WHAT THIS TASK INVOLVES: Copy each line of the records exactly, stopping only after the line that contains "Figure 12. Letters" has been written, and leave pictures out.

RECORDS SHOWN:
=== Section Start ===

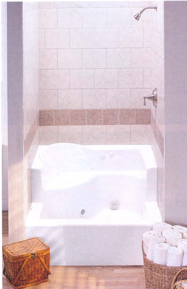
Jeu d'Eau Seated Shower Base with swirling footbath

M ulti-generational design is one of today's fastest growing trends in the housing industry. As more and more people understand the benefits that smart planning affords to those of all age groups and abilities, a demand is being generated for products that combine style, safety, beauty and comfort with practicality and versatility. In fact, it's what good, smart design should be.
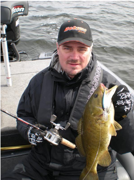
The author with a Smallmouth on a Slim Shad D9

For crankbaits I like a medium diver that runs 7-9 ft (Slim Shad D7 or Slim Shad D-9) and for minnow imitators I use a suspending jerkbait (Pointer 100) or the spoonbill version (Pointer 100 DD) when I need to get a tad deeper in the water column. Both lures have served me well and I usually employ the crankbait first on a steady retrieve using a 6.3.1 reel or a slower 5.4:1 gear ratio. Remember we're scouting super cold water for lethargic bass moving up to put on the feedbag before the pre-spawn calendar period arrives; crankbaits allow an angler to cover a lot of water quickly .
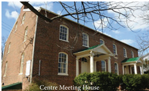
Centre Meeting House

Established Worship Group 1734 Became Monthly Meeting 1735
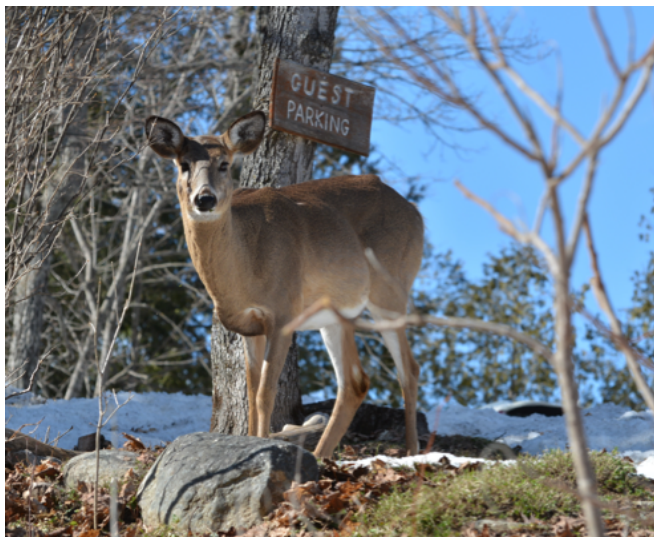
Deer Parking
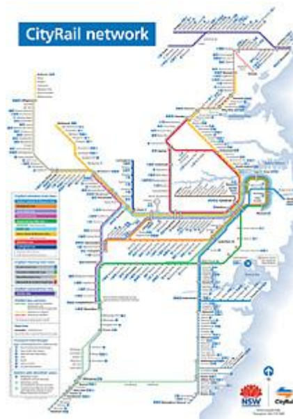
Sydney Rail Network map
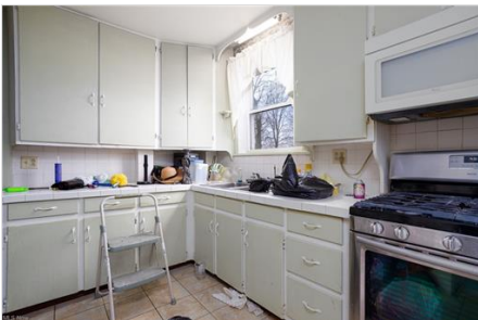
Kitchen with tasteful backsplash, tile counters, white microwave, stainless steel gas range, and a sink
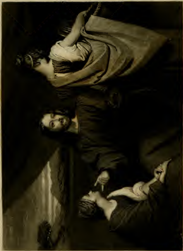
The Home at Bethlehem
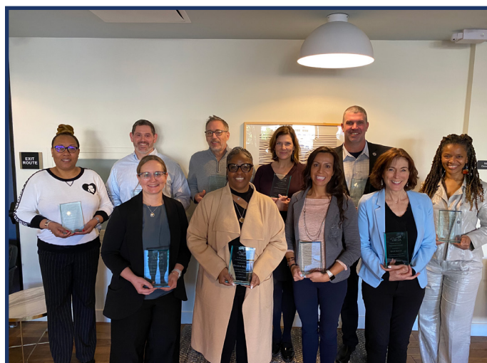
Cohort Two Leadership Academy Graduates, Jan. 2023
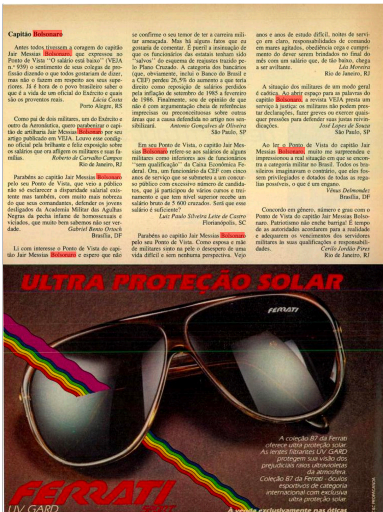
Figure 12. Letters from Veja's readers in support of Bolsonaro, Sept. 10, 1986

Differently from this linear circuit, Blommaert points that the circulation of political messages nowadays is much more fragmented, sectorized, and algorithmic-oriented (see also MALY, this issue; VARIS, this issue). Empirically, Cesarino has found evidence that in the contemporary digital networks, leaders invest in the illusion of non-mediation in social media. For instance, Bolsonaro's minister of education, Abraham Weintraub, has used Twitter to circumvent the official channels of communication in the ministry. During the massive complaints about the 2019

=== Section End ===

EXERCISE RESPONSE:
Jeu d'Eau Seated Shower Base with swirling footbath

M ulti-generational design is one of today's fastest growing trends in the housing industry. As more and more people understand the benefits that smart planning affords to those of all age groups and abilities, a demand is being generated for products that combine style, safety, beauty and comfort with practicality and versatility. In fact, it's what good, smart design should be.
The author with a Smallmouth on a Slim Shad D9

For crankbaits I like a medium diver that runs 7-9 ft (Slim Shad D7 or Slim Shad D-9) and for minnow imitators I use a suspending jerkbait (Pointer 100) or the spoonbill version (Pointer 100 DD) when I need to get a tad deeper in the water column. Both lures have served me well and I usually employ the crankbait first on a steady retrieve using a 6.3.1 reel or a slower 5.4:1 gear ratio. Remember we're scouting super cold water for lethargic bass moving up to put on the feedbag before the pre-spawn calendar period arrives; crankbaits allow an angler to cover a lot of water quickly .
Centre Meeting House

Established Worship Group 1734 Became Monthly Meeting 1735
Deer Parking
Sydney Rail Network map
Kitchen with tasteful backsplash, tile counters, white microwave, stainless steel gas range, and a sink
The Home at Bethlehem
Cohort Two Leadership Academy Graduates, Jan. 2023
Figure 12. Letters from Veja's readers in support of Bolsonaro, Sept. 10, 1986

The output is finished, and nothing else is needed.